Cognitive processing is linked to the activation of neurons in the brain, and specific cognitive tasks are often correlated with certain activity patterns of individual neurons and neuronal networks. Of major relevance are the temporal relationships between successive neuronal spikes and, in particular, the concerted spiking activity across small groups and large populations of coupled neurons, which often exhibit oscillatory overall dynamics due to synchronization. It is therefore important to understand the mechanisms which underlie and control the spiking activity of individual neurons and their collective dynamics in networks.

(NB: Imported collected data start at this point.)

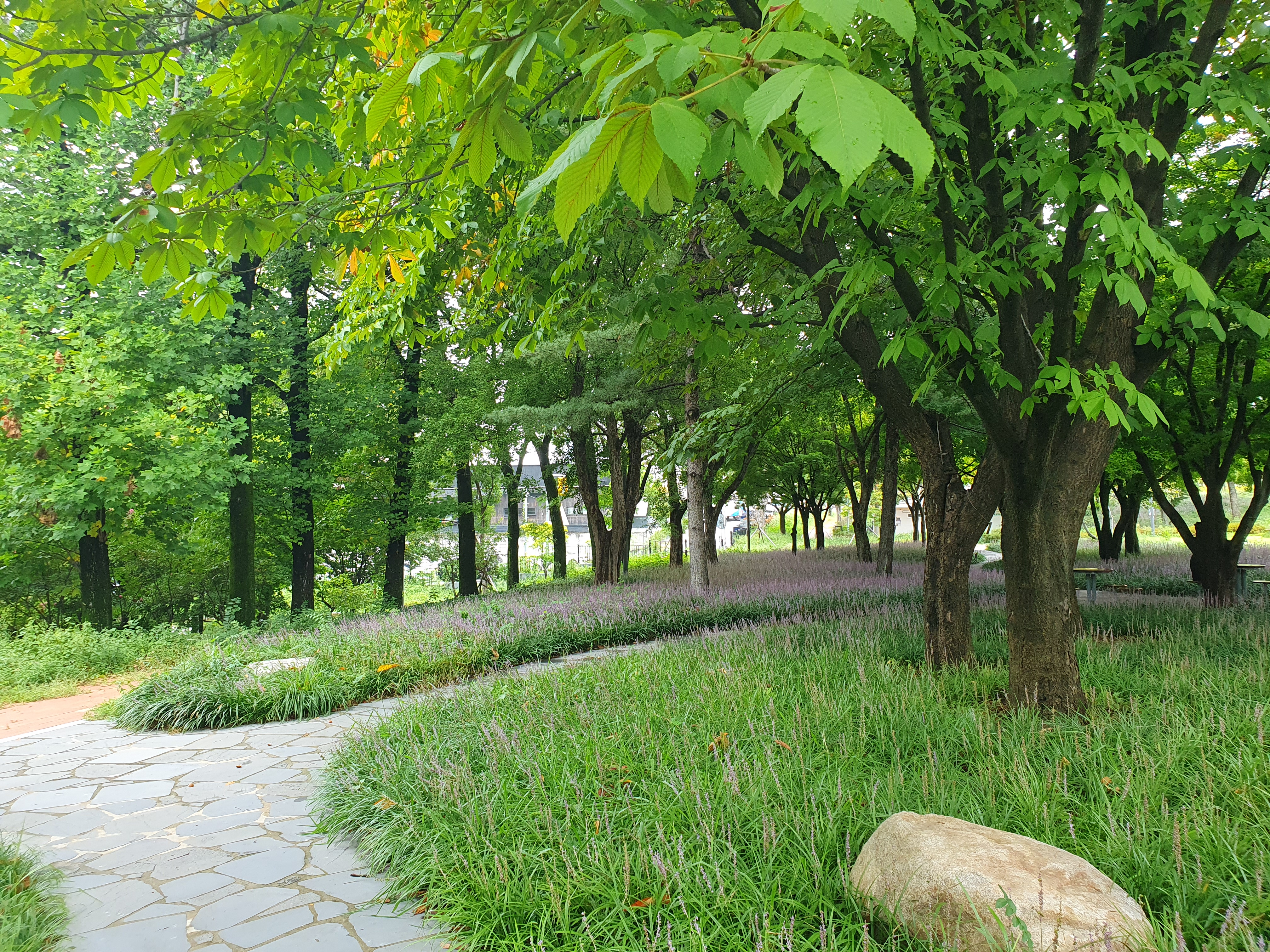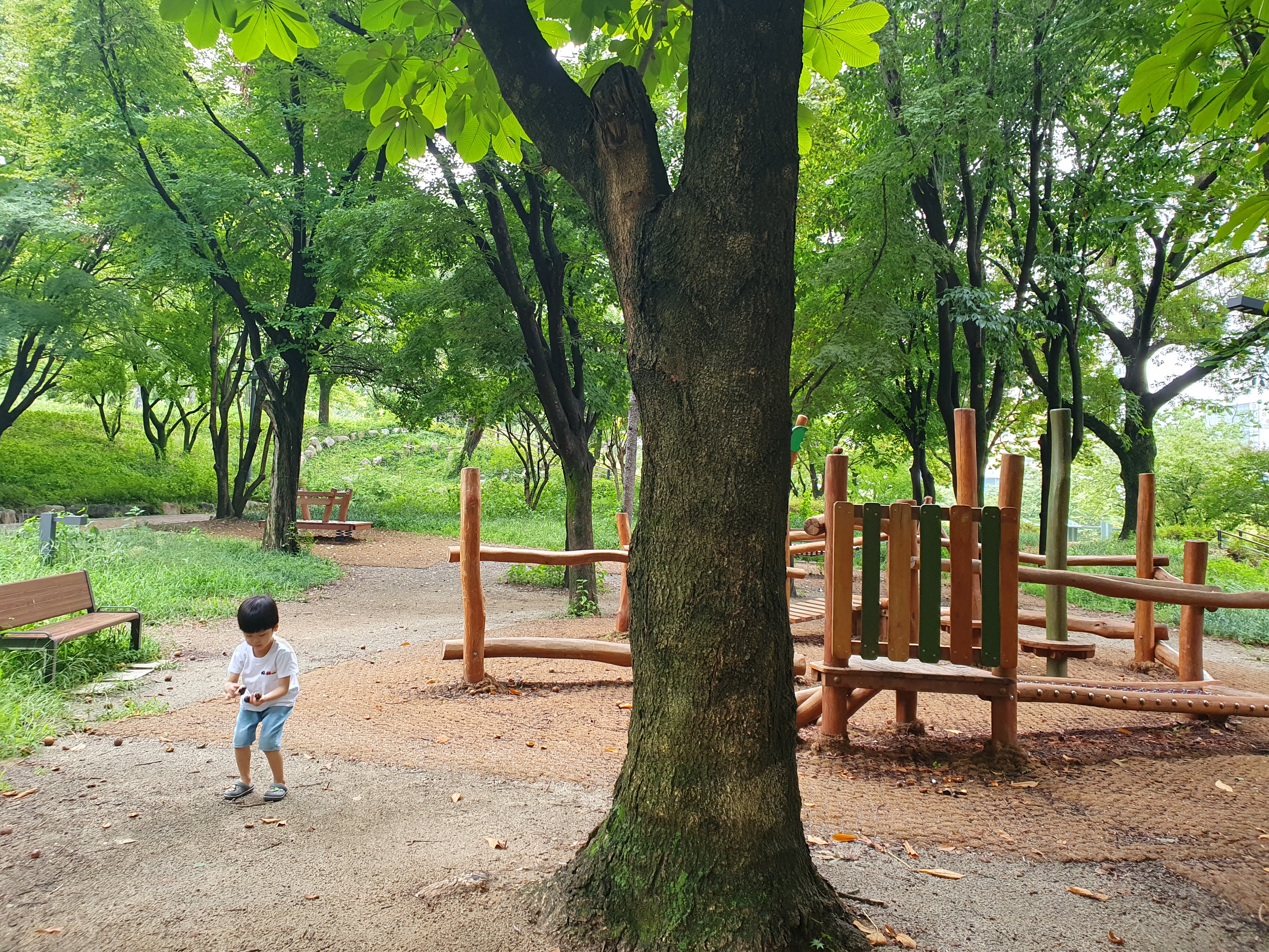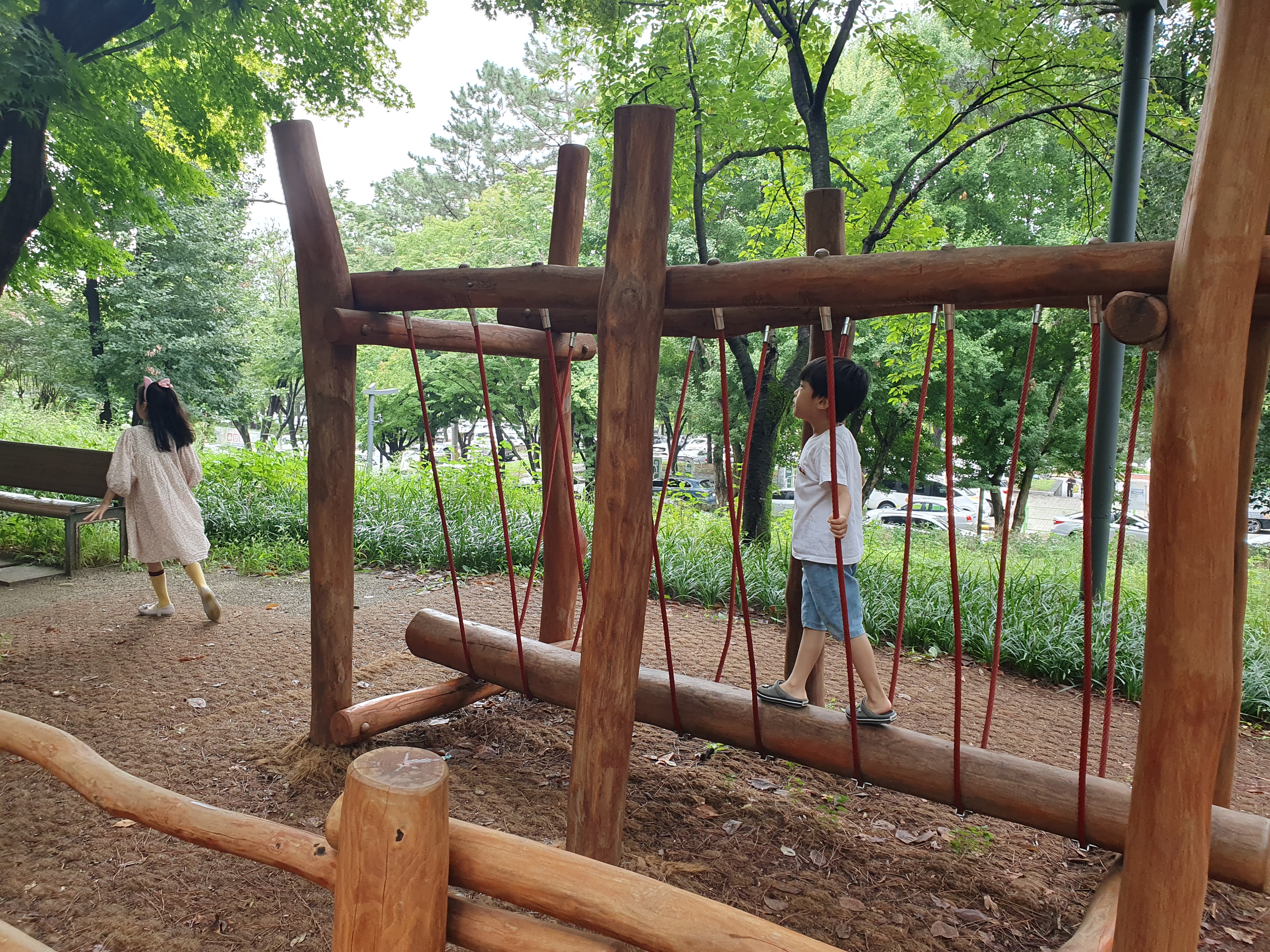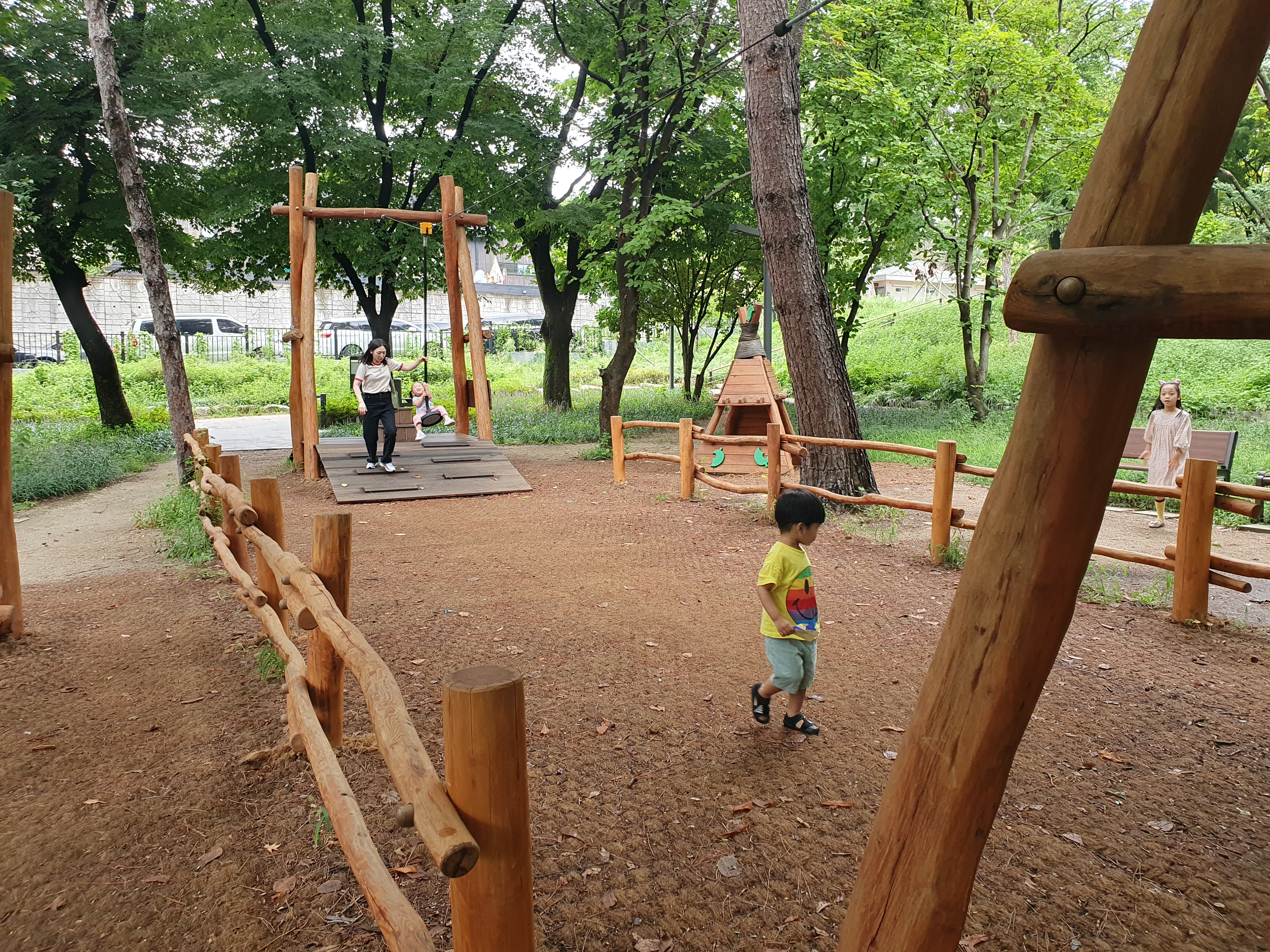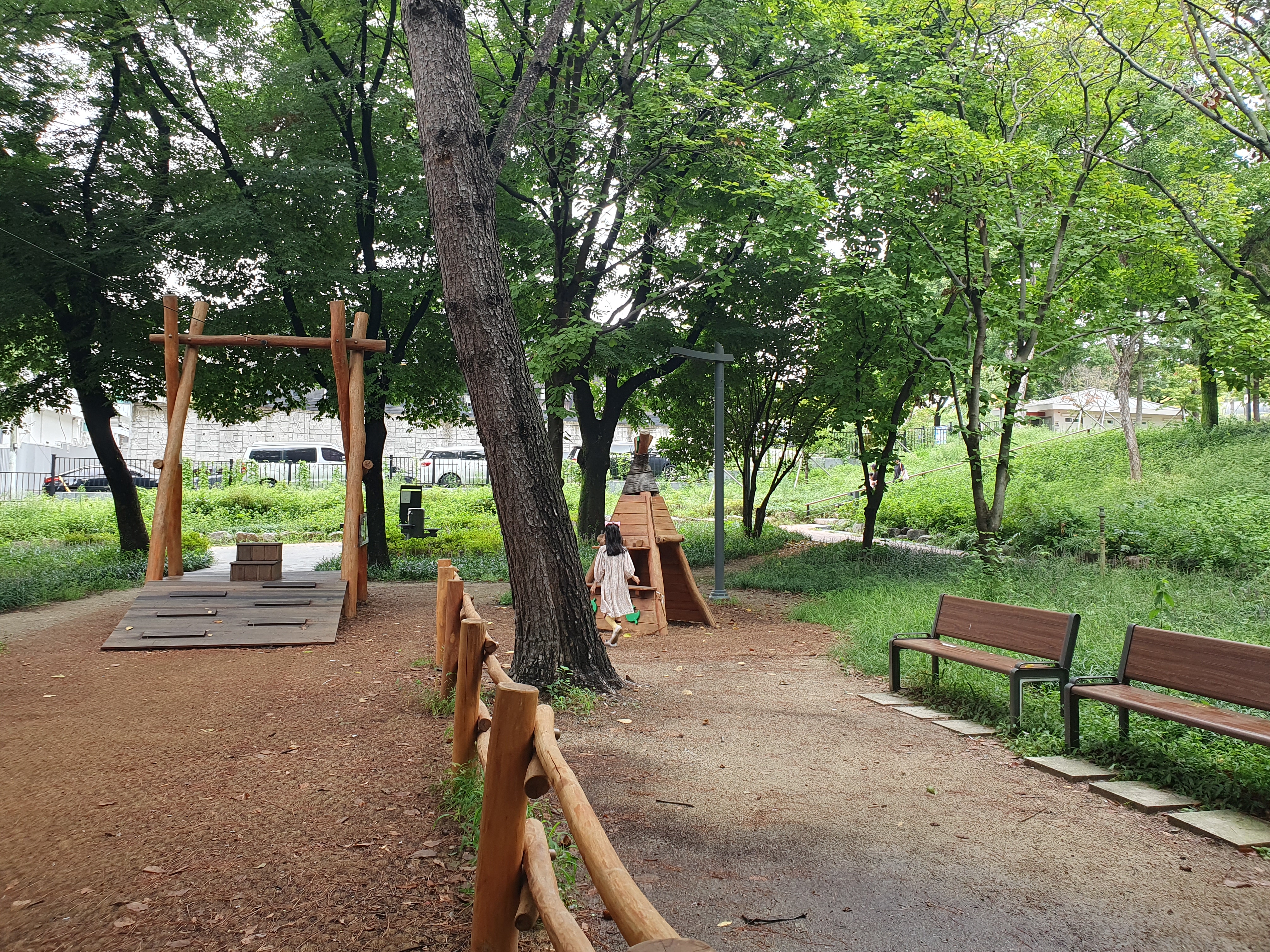 어린이세상 건물 가기전에 숲속에 놀이터가 있어 아이들이 놀기 좋습니다.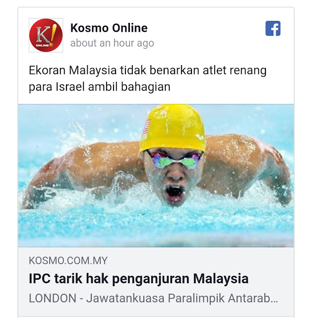 KUALA LUMPUR - Laman sosial Facebook Jawatankuasa Paralimpik Antarabangsa (IPC) diserang ribuan komen dari rakyat Malaysia selepas jawatankuasa induk para dunia tersebut menarik balik hak Malaysia selaku penganjur Kejohanan Renang Para Dunia 2019 di Kuching, Sarawak.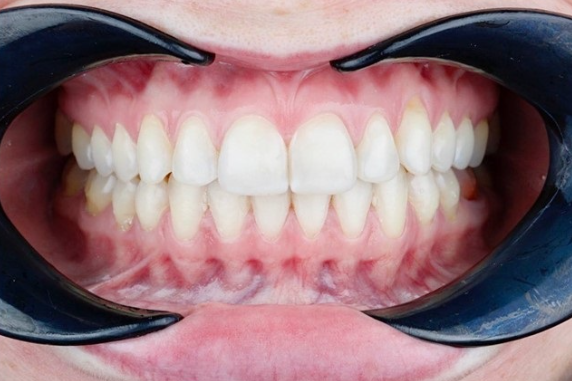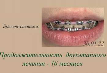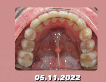 Фиксация брекетов на обе челюсти, ортодонтические накладки, межчелюстные эластические тяги: ношение 24/7. Расширение зубных рядов. Выравнивание зубов. Создание естественной арки улыбки. Увеличение высоты прикуса. Улучшение экспозиции верхних резцов. Эстетические реставрации после снятия брекетов.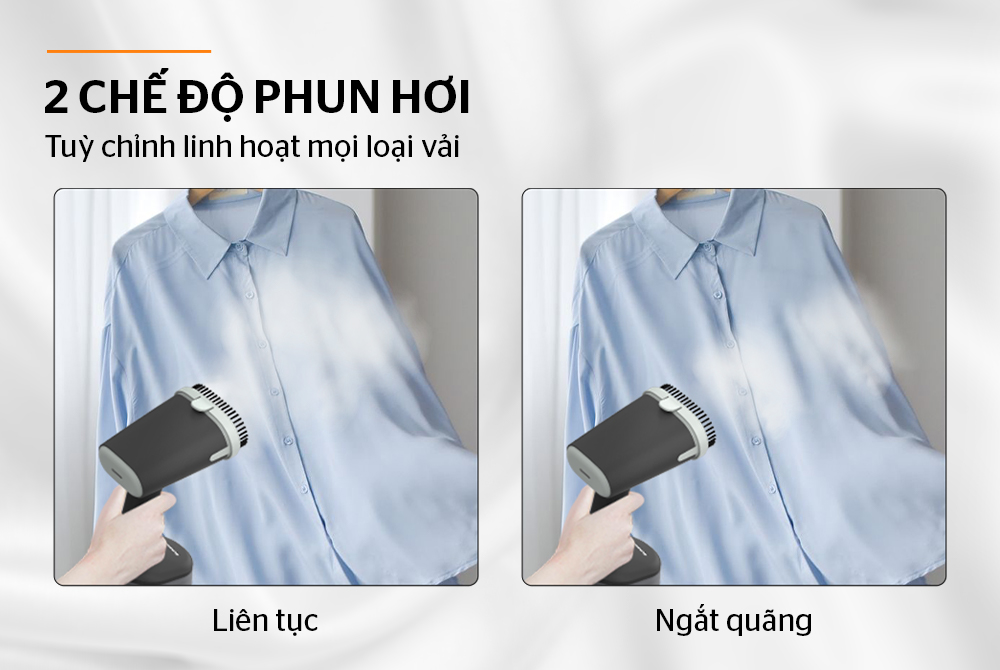 • 2 chế độ phun hơi: Liên tục - Ngắt quãng, tùy chỉnh linh hoạt mọi loại vải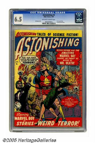 <B>Astonishing #3 (Atlas, 1951) CGC FN+ 6.5 Off-white to white pages.</B></I> This is the first issue of the title following the name change from <B>Marvel Boy.</B></I> The cover bills it as both terror and science fiction fare, and the mix also includes Marvel Boy, in the days when superheroes in comics were few and far between. The cover and interior art are by Bill Everett. Overstreet 2005 FN 6.0 value = $276; VF 8.0 value = $575. CGC census 7/05: 1 in 6.5, 1 higher.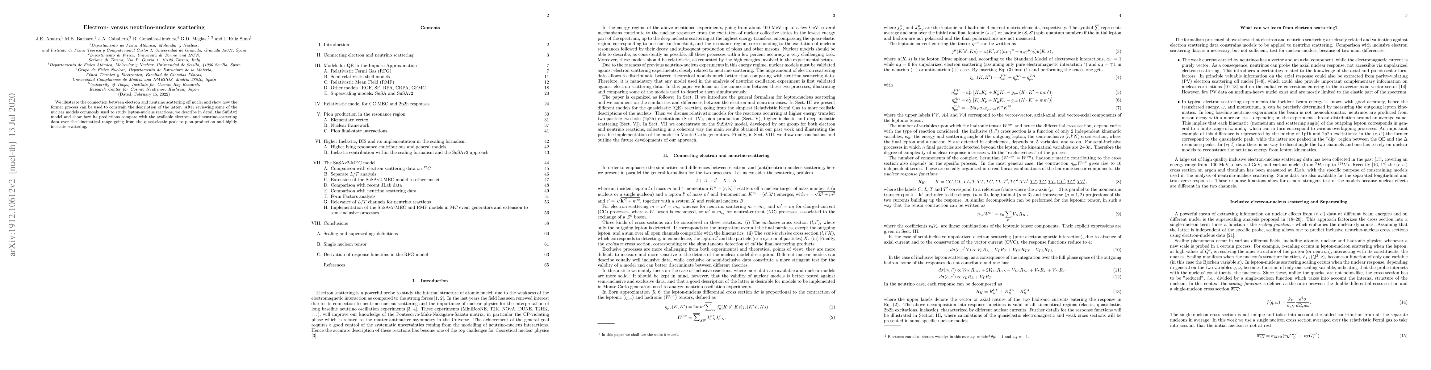 This paper explores the relationship between electron and neutrino scattering off nuclei, demonstrating how electron scattering data can constrain neutrino scattering models. It focuses on the SuSAv2 model and compares its predictions with both electron and neutrino scattering data, spanning from quasi-elastic interactions to pion production and highly inelastic scattering.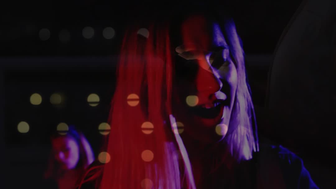 Video showing blonde vocalist tilting head and singing under red and purple gel lights while dotted bokeh overlay adds retro cinematic texture. Closeup shot capturing expressive mouth movement and partial silhouette of duet partner in background, creating intimate yet mysterious mood. Lighting contrast and motion blur creating dynamic visual rhythm suited for music-driven storytelling. Use for music video scenes, lyric video backgrounds, artist promos, album teaser clips, concert openers, fashion film sequences, social media reels, and advertising spots. Pairing with bold typographic titles, neon color grade, rhythmic cuts, and subtle grain will enhance cinematic feel. Clip working well as loopable background, intro sting, or mood-building interlude in multimedia projects.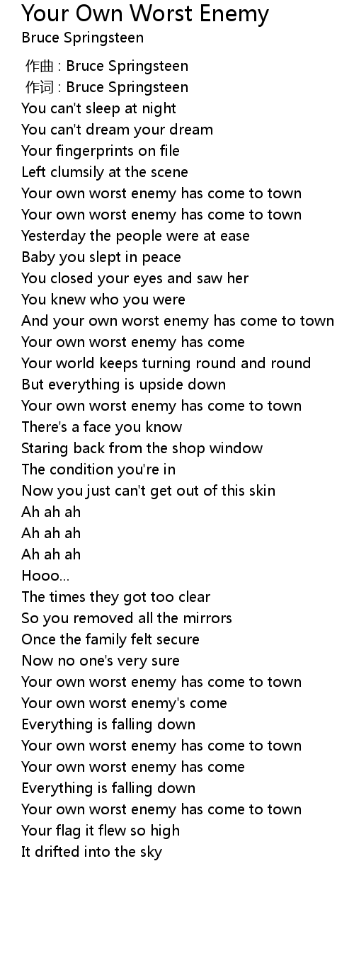 | Song | Your Own Worst Enemy |

A prominent mechanism which alters neuronal excitability involves adaptation currents through specific types of potassium channels in the neuronal membrane. These currents cause spike rate adaptation in many types of neurons and are regulated by neuromodulators such as acetylcholine. In this thesis, we employ computational models and mathematical methods to shed light on the role of that mechanism in controlling neuronal dynamics at different spatial levels, ranging from single neurons to large networks. Specifically, we characterize how distinct types of adaptation currents affect (i) spike rates, interspike interval variability and phase response properties of single neurons, (ii) spike synchronization and spike-to-spike locking in small networks, and (iii) the dynamics of spike rates across large populations of coupled neurons.
We take a bottom-up approach based on an experimentally validated neuron model of the integrate-and-fire type, effectively covering spikes, the fast subthreshold membrane voltage and slow adaptation current dynamics. We use this model across the three spatial levels, which facilitates to relate the respective findings. To obtain robust results in an efficient way we extend different suitable methods from statistical physics and nonlinear dynamics – including mean-field, phase reduction and master stability function techniques – for that model class, and complement them by (stochastic) numerical simulations. This approach allows to examine the relationships between microscopic interactions (neuron biophysics) and macroscopic features (network dynamics) in a direct way and simplifies bridging scales.
Applying these tools we demonstrate that at the level of single cells adaptation currents change threshold, gain and variability of spiking, as well as the neuronal phase responses to transient inputs, in type-dependent ways. At the network level adaptation currents engage in mechanisms that generate low-frequency oscillations for excitation dominated synaptic interaction, stabilizing spike synchrony (small networks) or promoting sparse synchronization (large networks), and they can facilitate and modulate faster rhythms which heavily rely on synaptic inhibition. Thereby, we show that neuromodulatory regulation of adaptation currents allows to stabilize biologically relevant synchronized and asynchronous network states and switch between them, by changing the neuronal spiking characteristics in particular ways. This work demonstrates the benefits of unified mathematical bottom-up modeling and analyses in contributing to our understanding of neuronal dynamics across different scales.